WHAT IS THE TREATMENT FOR A LUXATED LENS? The treatment for a luxated lens depends on whether the patient is able to see with the affected eye or if there is the possibility of vision. In many cases with long-standing luxated lens, the lens becomes a cataract, which obstructs the view of the retina and optic nerve. A procedure called an electroretinogram (ERG) is performed to measure the function of the retina, allowing the ophthalmologist to determine if the patient has the potential to see after surgery is performed.
If the chance of vision is good, lens removal surgery (called lensectomy) is performed. One of two procedures is performed to remove a lens. Phacoemulsification is a procedure, which uses high frequency ultrasonic waves emitted from the tip of a small probe to break the solid lens into a liquid that can be vacuumed out of the eye through a 2.5mm incision. This method can only be used if the lens capsule (the sac the lens is inside) is still partially attached to the inside of the eye. If the lens capsule is too loose or completely detached, the entire structure is removed in one piece. This requires a much larger incision – about half the diameter of the cornea. If, however, irreversible damage has been caused and the eye will not be visual again, then one of two surgeries can be performed:
- Enucleation – the eye is removed, an infraorbital implant is placed and the lids are sewn shut.
- Silicone implant (Intrascleral Prosthesis)– the contents of the inside of the eyeball are removed, leaving the cornea and sclera (the white of the eye and the clear part at the front), and a silicone ball is placed inside. The shape of the eye is maintained and the eye moves normally.
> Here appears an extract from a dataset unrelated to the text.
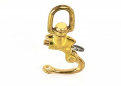 Mousqueton laiton à œil sur émerillon. Deux tailles.

This procedure is for cosmetic purposes only. The clear cornea usually turns a hazy bluish color with time.
WHAT ABOUT A SUBLUXATED LENS? Treatment for lenses that are subluxated depends on whether the pressure inside the eye is normal or elevated. If the pressure is normal, then ophthalmic drops might be used to ensure that the pressure remains normal. In this situation, frequent re-examinations are performed over time to assess whether the lens is becoming looser or is staying in place.
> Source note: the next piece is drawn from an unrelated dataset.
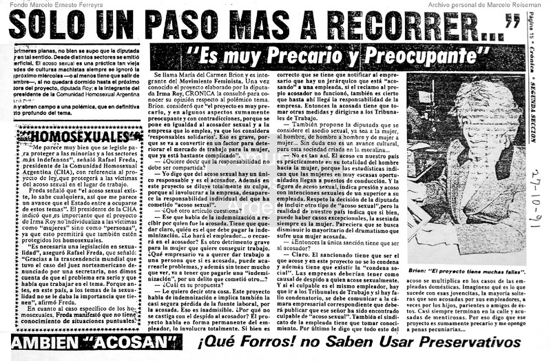 Aprender a mentir muy tempranoEntrevista a Rafael Freda, presidente de SIGLA, sobre la discriminación que viven las personas homosexuales en Argentina. Se describen experiencias escolares, laborales y familiares. También se aborda la situación social, legal y cultural de la comunidad gay en los años 90.

WHAT ABOUT THE OTHER EYE? The other eye is susceptible to partial if not complete lens luxation or dislocation at any time in your pet’s life. This can occur suddenly, without warning. During the initial examination, the opposite eye will be checked to ascertain if the zonules are intact. If the lens appears normal, regular exams should be performed to monitor its position. Even if there is a subluxation no medication or surgery will prevent the eventual dislocation of the lens. Intraocular pressure (IOP) will be monitored to ascertain if there is the potential for glaucoma in that eye. Medications may be prescribed to constrict the pupil in case there is a subluxation. Eventual removal of the lens from the subluxated eye is needed.
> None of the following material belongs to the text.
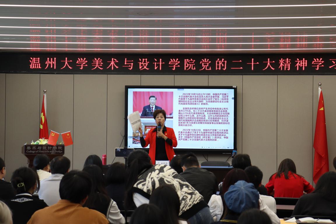 为深入学习宣传贯彻党的二十大精神,感悟思想伟力,汲取奋进力量,引导全院师生切实把思想和行动统一到党的二十大的精神上来,10月26日下午,ylzzcom永利总站线路检测组织开展党的二十大精神学习会,特邀党的十九大代表宋玲华同志为学院全体师生作“学习感悟党的二十大精神”专题宣讲报告。会议由学院党委书记叶正飞主持,近500名师生线上线下参加学习活动。 宋玲华老师是党的十九大代表,市妇联执委,瓯海区关工委主任,瓯海区慈善总会副会长,瓯海乡村艺术团联合会主席,宋玲华党代表工作室负责人,浙江省关心下一代报告团成员,温州银耀瓯越宣讲员,温州老干部大学流动红色能源站讲师,宋玲华宣讲工作室负责人。 学习会上,宋老师从一名党代表的视角、一名退休党员的视角、一名公益先锋的视角,全面分析讲解党的二十大报告内容,分享了二十大精神的内涵理解和学习体会。她指出党的二十大是在全党全国各族人民迈上全面建设社会主义现代化国家新征程、向第二个百年奋斗目标进军的关键时刻召开的一次十分重要的大会,是一次高举旗帜、凝聚力量、团结奋进的大会,在党和国家发展进程中具有极其重大的历史意义。党的二十大报告,为党和国家事业描绘了清晰的发展路线,擘画了宏伟的发展蓝图,充分彰显了我们党坚如磐石的历史自信、举旗定向的政治担当和高瞻远瞩的战略视野,是我们党团结带领全国各族人民在新时代新征程坚持和发展中国特色社会主义的政治宣言和行动纲领。 “我要把党的‘好声音’传递到基层群众,传递给青年学生,这是我的职责和使命。”宋玲华老师在宣讲过程中也分享了多年来践行一名共产党员初心使命的经历,从丰富地方群众的文化生活到宣讲低碳环保的生活方式,从省吃俭用捐助困难群众到关爱帮扶失足少年,从退休党员干部到十九大党代表……,希望通过自己的付出和行动,带动更多人做对社会有益的事。 学习会上,宋玲华老师用习总书记的话“青年强,则国家强!”来勉励师生党员,要坚定不移听党话、跟党走,怀抱梦想又脚踏实地,敢想敢为又善作善成,立志做有理想、敢担当、能吃苦、肯奋斗的新时代好青年,让青春在全面建设社会主义现代化国家的火热实践中绽放绚丽之花。 叶正飞书记总结指出,学习好宣传好贯彻好党的二十大精神是当前和今后一个时期学院的首要政治任务。新时代新征程,全院师生要深学细悟党的二十大精神,要把坚决拥护“两个确立”转化为坚决做到“两个维护”的实际行动,要聚焦“争当表率、争做示范、走在前列”光荣使命,奋力推动学院高质量内涵式发展,为全面建设社会主义现代化国家、全面推进中华民族伟大复兴作出更大贡献!

WHAT WILL I NEED TO DO AFTER SURGERY?
- Keep the elizabethan collar on at all times (even at night). The stitches in the eye are very fine and can easily be damaged by a rubbing paw.
- Restrict exercise to an absolute minimum. Your pet should be kept very quiet.
- Administer the medications at the appropriate times.
- When using eye drops, be sure to hold the lids open and the nose pointed towards the ceiling so the medication is placed directly onto the eyeball. Wait 10 minutes between different drops so as not to flush out the previous medication before it has been absorbed. If you are required to use drops and ointment, use the ointment last as it is thick and forms a barrier, preventing any following drops from being absorbed.
Gently wipe away any discharge from the eye with a clean, moist Kleenex or face cloth.